The book’s footnotes offer an opportunity for light relief, explaining various medical and non medical terms. One of the arrivals in A+E is described as an alky:

Alky: alcoholic (traditionally defined as a person who drinks more than their doctor).

The drunks in A+E are put into three categories:

PFO: pissed, fell over. PGT: pissed, got thumped. PDE, pissed, denies everything.

Amongst all of this, the street drinker comes in having vomited blood:

Maybe he once had a beer belly but it’s gone the way of the house and the wife and the clean clothes. His skin is white, his arms and legs bone thin. His abdomen creases in rolls, rolls of skin, not fat. A beard tangles over the lower half of his face streaked grey and clumped with debris. He can’t shave because of the tremors. I’m asking questions. Vomit breath stinks out the cubicle. “What colour was it? Was it food or liquid you’d taken down earlier? Was it dark green? was it red with blood? Was it very dark brown like coffee grounds?”... “Coffee grounds*,” he says as if he’s said it before. [*Coffee Grounds: the standard description of blood from an old gastric bleed (fresh blood is, of course, red).]

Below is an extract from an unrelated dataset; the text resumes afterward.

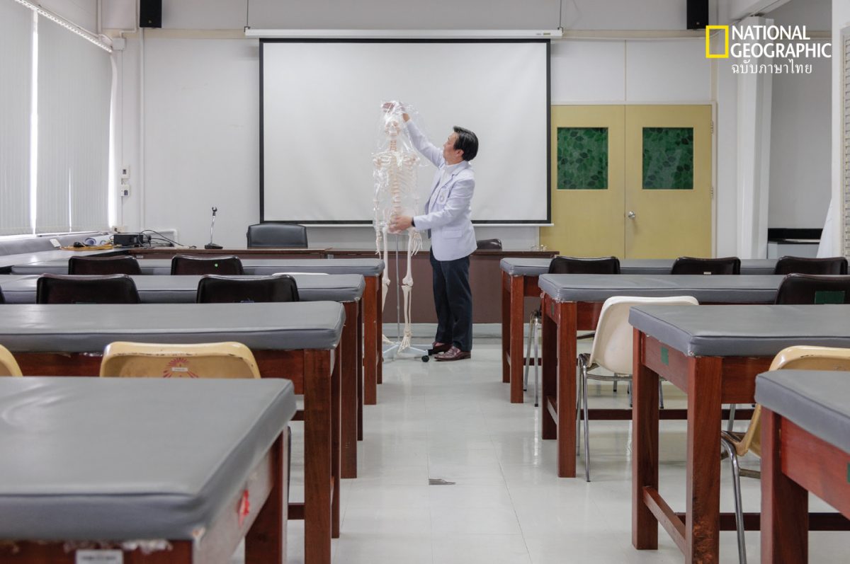 เรานัด ดร.วรชาติ เฉิดชมจันทร์ คณบดีคณะกายภาพบำบัดและเวชศาสตร์การกีฬา มหาวิทยาลัยรังสิต ในห้องทำงานชั้นเดียวกัน แต่ก่อนจะเลี้ยวขวาไปติดต่อเจ้าหน้าที่ เราเดินไปตามความสงสัย ก่อนจะพบว่าวัตถุบนโต๊ะที่เรียงรายตรงหน้าคือร่างไร้ชีวิต และข้อความบนกระดานที่เคยมองยาก ขณะนี้มันชัดเจนแล้วว่าคือ “พิธีทำบุญอาจารย์ใหญ่ประจำปี ” ของคณะกายภาพฯ

The man won’t make the end of the book, and neither will the narrator as a doctor. The jury still seems to be out as whether it’s a brave exposé of hospital practice or whether Mercurio is a jaded and bitter man who should never have gone into the profession on the first place. The novel ended up as second fiddle to a successful TV series, so criticism seems a little pointless now...

Thursday, 15 October 2009

The Mayor of Casterbridge by Thomas Hardy

This entry came about after a discussion with my cousin about our mutual antipathy to Thomas Hardy which doesn’t exactly sound like a recommendation... However, I then remembered that the Mayor of Casterbridge opens with the infamous scene where a man sells his wife at auction while drunk, so I reckoned that for the purposes of 120 Units it was worth another look.


Field labourer Michael Henchard arrives at a country fair with his wife and daughter. Spotting the refreshments tent, is about to slip under the sign Good Home-brewed Beer, Ale, and Cyder when his wife insists that they go for a pot of furmity instead. In retrospect this might have been a mistake... Furmity is wholesome stuff; a mixture of corn in the grain, flour, milk, raisins, currants, and what not, but it’s a little dull on its own. Henchard turns back to the woman serving the slop and catches her eye:

He winked to her, and passed up his basin in reply to her nod; when she took a bottle from under the table, slily measured out a quantity of its contents, and tipped the same into the man's furmity. The liquor poured in was rum... The man finished his basin, and called for another, the rum being signalled for in yet stronger proportion. The effect of it was soon apparent in his manner, and his wife but too sadly perceived that in strenuously steering off the rocks of the licensed liquor-tent she had only got into maelstrom depths here amongst the smugglers.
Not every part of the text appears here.